How to complete this task
Among the records below, find the line that has "Water-soldier, Frogbit and"; from there, give the lines again exactly, and stop after the line that has "Vodna škarjica, žabji".

Data

------------------------------------------------------------------------

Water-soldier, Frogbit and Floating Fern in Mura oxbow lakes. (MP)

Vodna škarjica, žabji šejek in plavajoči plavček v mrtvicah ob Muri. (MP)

------------------------------------------------------------------------

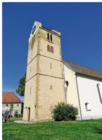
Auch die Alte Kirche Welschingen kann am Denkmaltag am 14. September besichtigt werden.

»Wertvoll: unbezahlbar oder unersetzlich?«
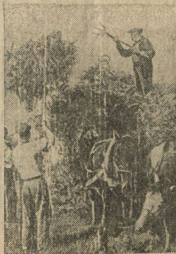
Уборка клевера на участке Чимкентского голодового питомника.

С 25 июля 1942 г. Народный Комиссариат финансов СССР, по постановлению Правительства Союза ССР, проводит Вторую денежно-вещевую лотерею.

------------------------------------------------------------------------

Reply
Water-soldier, Frogbit and Floating Fern in Mura oxbow lakes. (MP)

Vodna škarjica, žabji šejek in plavajoči plavček v mrtvicah ob Muri. (MP)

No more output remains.